Persicaria hydropiperoides, commonly called swamp smartweed, mild waterpepper, false waterpepper, or sometimes simply waterpepper, is a species of flowering plant in the buckwheat family. It has a widespread distribution across much of North America and South America. Its preferred habitat is in moist, saturated to inundated soils growing in full sun to partial shade; such as swamp forests, marshes, streams, shorelines, and ditches.' It is sometimes semi-aquatic.

Swamp smartweed is quite variable and is sometimes divided into several varieties, some of which may be better treated as species in their own right.

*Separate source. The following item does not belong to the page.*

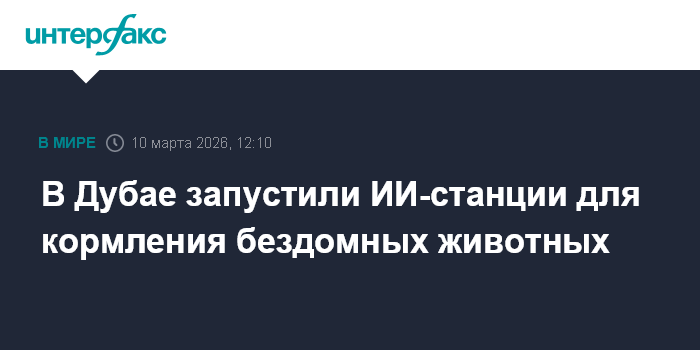 Москва. 10 марта. INTERFAX.RU - В Дубае запустили сеть интеллектуальных станций, использующих технологии искусственного интеллекта для кормления бездомных животных.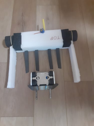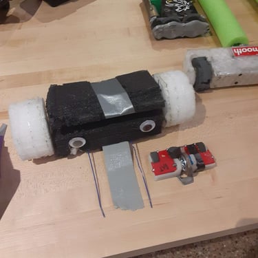 Lessons: Rushed chassis was too flimsy. Magnets caused the foam wheels to compress, making it immobile.

In general, swamp smartweed is a rhizomatous perennial herb growing upright or erect and approaching a maximum height of one meter (40 inches). Roots may emerge from nodes on the lower stem. The bristly lance-shaped leaves are around 10 centimeters (4 inches) long. The leaves have sheathing stipules known as ochreae. The spike-like inflorescence produces many pinkish flowers each about 3 millimeters wide.

Swamp smartweed is reported to be edible, as are all species in the genus Persicaria. Although its close relatives Persicaria hydropiper and Persicaria punctata are known to possess a hot or pungent quality when consumed, swamp smartweed is said to lack the same pungency by at least one author.